Landry stares at him.

It takes Jeremy a second, and when he realizes how that came out he prays to God he didn’t just blush, at twenty-three years, a full-grown man, in front of his teammate, the two of them sharing a blanket on his couch.


	4. Chapter 4

“Rachel McAdams,” Landry is saying, and his voice is at once near and far, like he’s talking under a bridge. Jeremy laughs and then bangs his head against one of the giant wooden curlicue couch arms, because for some reason he has ended up on the floor.

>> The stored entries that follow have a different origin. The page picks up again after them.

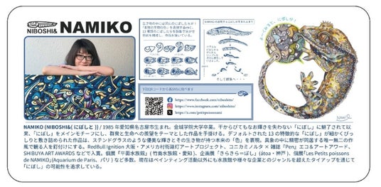 愛知県出身。干からびてもなお輝きを失わない「にぼし」に魅了されて以来、日々「にぼし」を主題モチーフにし、作品制作をしている。ペインティング活動では、群集と生命への羨望をテーマにした作品を描き、Red Bull Ignition大阪・アメリカ村街路灯アートプロジェクト、コニカミノルタ雑誌『Pen』エコ&アートアワード、SHIBUYA ART AWARDSなどで入賞している。
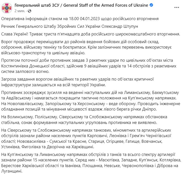 В среду, 4 января, в Украине идет уже 315-й день войны с РФ.
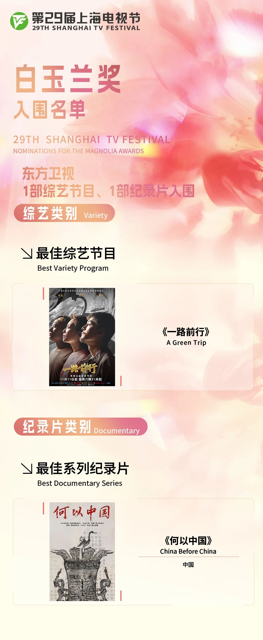 第二十九届上海电视节白玉兰奖入围名单5月30日晚揭晓,由上海广播电视台出品的纪录片《何以中国》、环保公益纪实节目《一路前行》、电视剧《欢迎来到麦乐村》,以及在东方卫视播出的《不完美受害人》《繁花》《漫长的季节》《南来北往》4部品质大剧入围32个奖项名单。
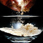 As you lightly rub the fat into the flour, lift it up high and let it fall back down into the bowl, which again means that air is being incorporated all the time, and air is what makes pastry light. Speed is also what's needed here, so don't start daydreaming and go on rubbing all day, but just long enough to make the mixture crumbly with just a few odd lumps here and there. Keep cool – this means yourself, psychologically, as well, because keeping things as cold as possible is important. If the fat becomes oily because the rubbing-in takes longer and everything is too warm, what happens is it coats more flour grains than it should. This means the flour is unable to absorb enough water and the pastry will crumble and be difficult to roll out.
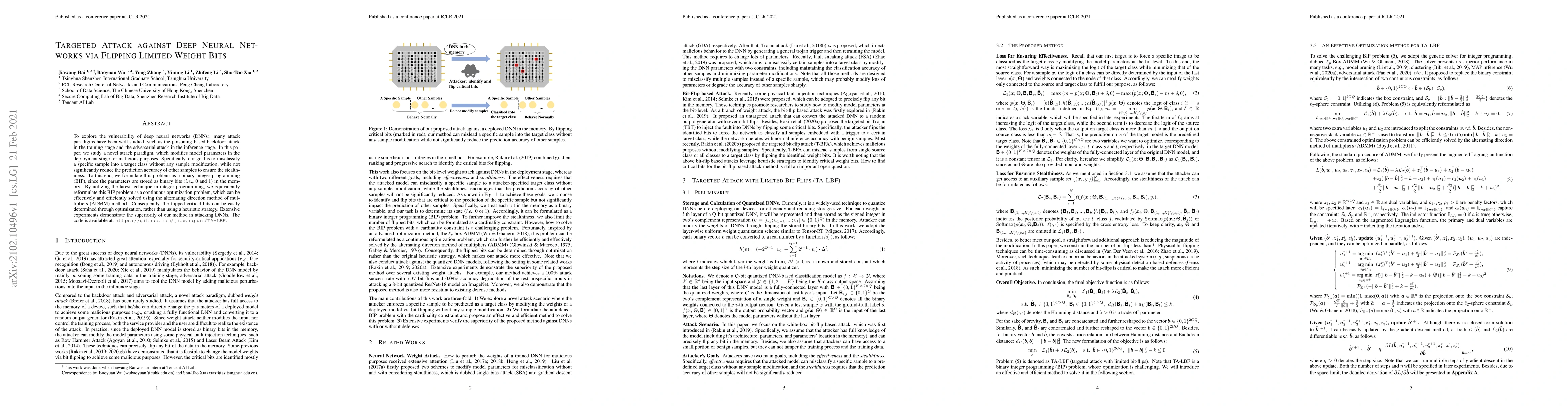 Researchers discovered a new way to attack deep neural networks by flipping limited weight bits without modifying samples, using binary integer programming and optimization methods. This method allows for stealthy attacks with high accuracy.
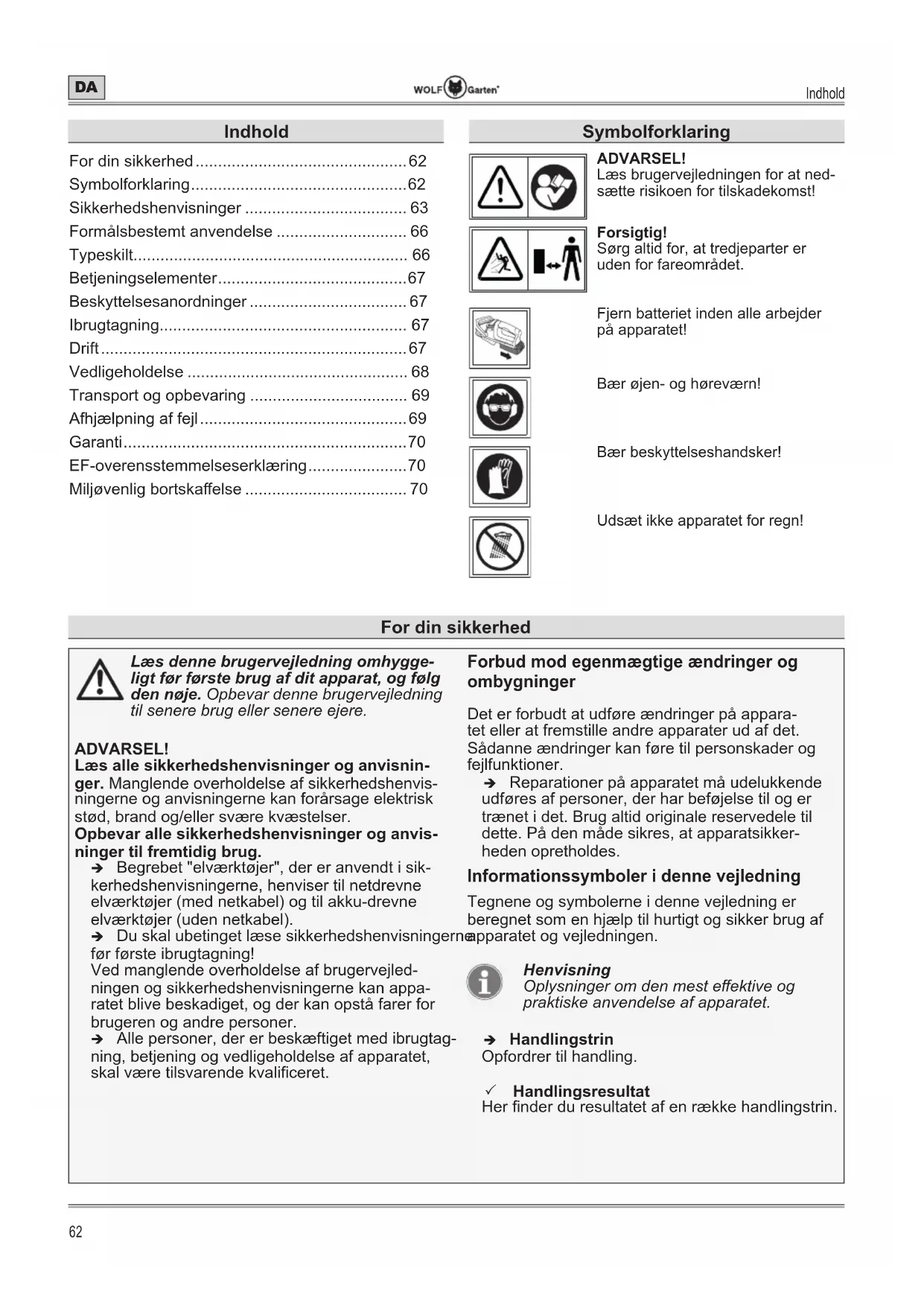 - Miljøvenlig bortskaelse Symbolforklaring ADVARSEL! Læs brugervejledningen for at ned- sætte risikoen for tilskadekomst! Forsigtig! Sørg altid for, at tredjeparter er uden for fareområdet. Fjern batteriet inden alle arbejder på apparatet! Bær øjen- og høreværn! Bær beskyttelseshandsker! Udsæt ikke apparatet for regn! For din sikkerhedFor din sikkerhed p. 70
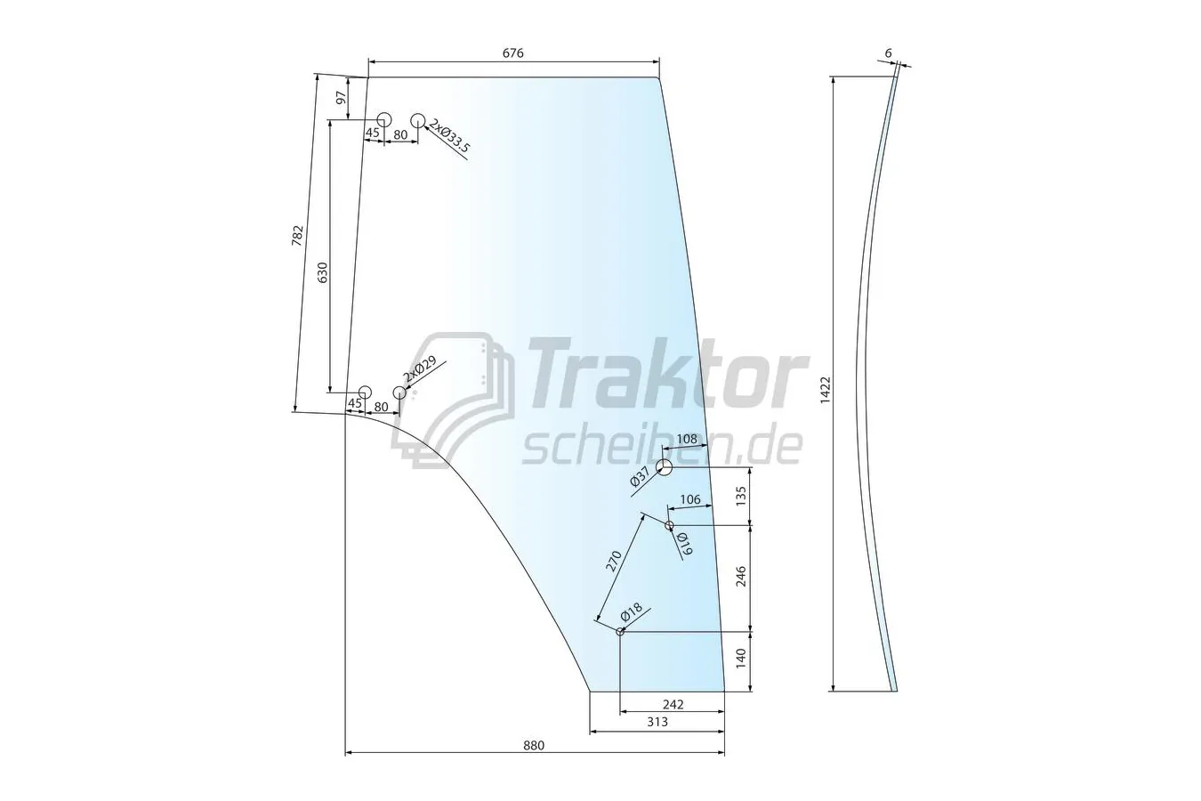 Türscheibe links für FENDT Favorit712 & Fendt413 Traktor

“Landry.” Jeremy stops, hiccups. “Did you put something in those cookies?”

He rests his head against Landry’s knee, which is about as comfortable as the tatami pillows his mom used to make him sleep on in the summer, when he’d stay out all day and sweat through his shirts one after another. “There’s not enough time in the world to do your laundry,” she said, and he’d watch her hands, feeling bad. 

“What cookies? Did you eat my cookies?” Landry looks hurt. “It’s called a secret stash for a reason, bro.”

“I mean popcorn.” Jeremy pauses, to make sure that’s what he really meant. It is, so he adds bravely, “Duh.”

“Oh-kay,” Landry says slowly, like he’s getting it. Jeremy isn’t sure what “it” is, but he’s heard that same drawn out “okay” before, and it usually precedes something that . . . he can’t remember at the moment. “Let’s get you to bed.”

“No, no, ‘m good.”

“You’re not convincing me. C’mon, get up. This baby’s all yours.” 

It takes a while for Jeremy to figure out that he means the couch. 

Landry jerks his knee and with it Jeremy’s head rolls forward. “Hey,” Jeremy complains, rubbing the back of his neck. “I was using it as a pillow.”

Landry’s gently pulling him to his feet. “Are you calling my knee fat?”

“I think . . . your knee is just right though . . . for my head.”

“Two beers should not be enough for you to start hitting on me.”

“You know you like it.” Jeremy is grinning because he’s lost control over his face. He feels Landry’s hands on his back, nudging him toward the bathroom.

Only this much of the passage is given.